Dès la deuxième séance de jeu, Jeanne rejoignait l’ensemble du groupe à l’approche de l’heure du début de séance. Nous n’avions plus besoin d’aller la chercher. C’est elle qui me tendait la main pour me dire bonjour et serrait la mienne bien plus fermement.

Jeanne a su bien s’adapter à quasiment chaque thème, à chaque situation et à tous ses partenaires de jeu (elle n’a joué qu’une seule fois avec moi). Elle a su transmettre par la voix de nombreuses émotions : la tristesse, la colère, l’incompréhension ou encore l’encouragement.

39 En tant que spectatrice, elle a su reconnaître les émotions chez autrui en les citant et en expliquant comment elle les avait perçues, de façon très juste et très précise : « Il avait l’air désespéré, sa voix tremblait, il s’est mis à genoux pour la supplier de ne pas partir. Ça m’a rendu triste », « il avait peur, il parlait vite et sa voix était plus aiguë que d’habitude ! ».

Lorsqu’on lui a fait remarquer que souvent on ne voyait presque pas sa marionnette, elle a répondu « c’est parce que j’oublie la présence des spectateurs, il y a trop de choses à penser ».

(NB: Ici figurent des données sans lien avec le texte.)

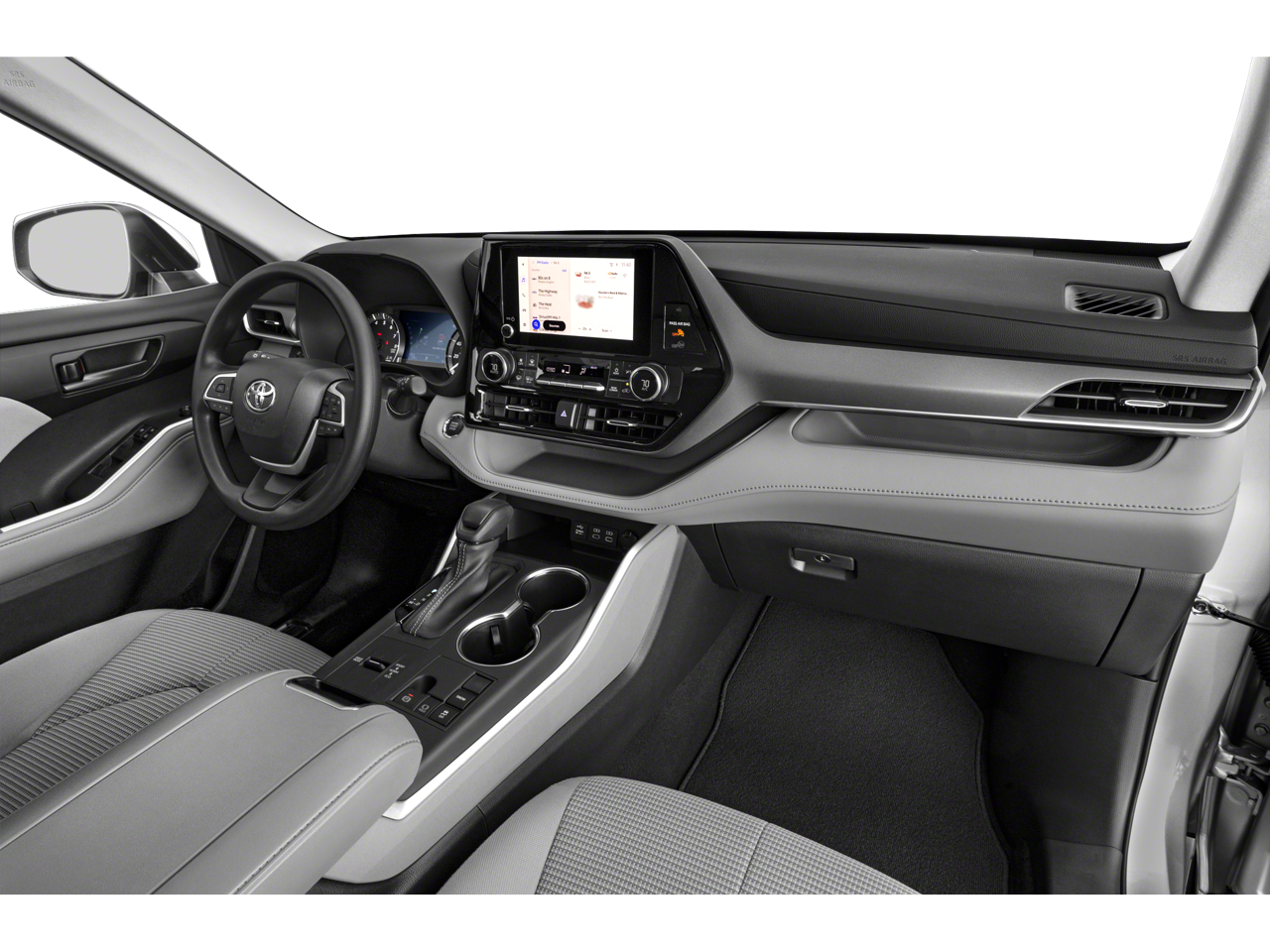 Backup Camera/ Rearview Camera, Bluetooth®, Collision Avoidance System, Collision Warning Alert System, Apple Carplay/ Android Auto, Voice Recognition, Smartphone App Integration, USB Port, Aux Input, Sirius XM Radio, Parking Sensors, Power Seats, Alloy Wheels, ____CAR GURUS____, Aluminum Wheels, Climate Package, Highlander LE, 4D Sport Utility, 2.4L I4 PDI Turbocharged DOHC 16V LEV3-SULEV30 265hp, 8-Speed Automatic, FWD, Gray, Graphite Cloth, 18 Painted Alloy Wheels, 3.329 Axle Ratio, 3rd row seats: split-bench, 4-Wheel Disc Brakes, 6 Speakers, ABS brakes, Air Conditioning, Alloy wheels, AM/FM radio: SiriusXM, Apple CarPlay/Android Auto, Auto High-beam Headlights, Automatic temperature control, Brake assist, Bumpers: body-color, Delay-off headlights, Driver door bin, Driver vanity mirror, Dual front impact airbags, Dual front side impact airbags, Electronic Stability Control, Emergency communication system: Safety Connect (up to 10-year trial subscription), Exterior Parking Camera Rear, Fabric Seat Trim, Four wheel independent suspension, Front anti-roll bar, Front Bucket Seats, Front Center Armrest, Front dual zone A/C, Front fog lights, Front reading lights, Fully automatic headlights, Heated door mirrors, Illuminated entry, Knee airbag, Leather Shift Knob, Leather steering wheel, Low tire pressure warning, Occupant sensing airbag, Outside temperature display, Overhead airbag, Overhead console, Panic alarm, Passenger door bin, Passenger vanity mirror, Power door mirrors, Power driver seat, Power Liftgate, Power steering, Power windows, Radio: 8 Toyota Audio Multimedia, Rear air conditioning, Rear anti-roll bar, Rear reading lights, Rear seat center armrest, Rear window defroster, Rear window wiper, Reclining 3rd row seat, Remote keyless entry, Security system, Speed control, Speed-sensing steering, Split folding rear seat, Spoiler, Steering wheel mounted audio controls, Tachometer, Telescoping steering wheel, Tilt steering wheel, Traction control, Trip computer, Turn signal indicator mirrors, Variably intermittent wipers.

Jeanne n’a jamais été volontaire pour jouer et a toujours montré de l’angoisse en attendant son tour, angoisse qui disparaissait dès qu’elle jouait Nina.

Le jour du visionnage des vidéos, elle dit être « contente » de savoir qu’elle va voir les scènes et réagit et commente lorsqu’elle se reconnaît : « C’est moi ! », « On ne voit pas

Nina, mais on l’entend ! ». Elle ne détourne pas le regard de l’écran.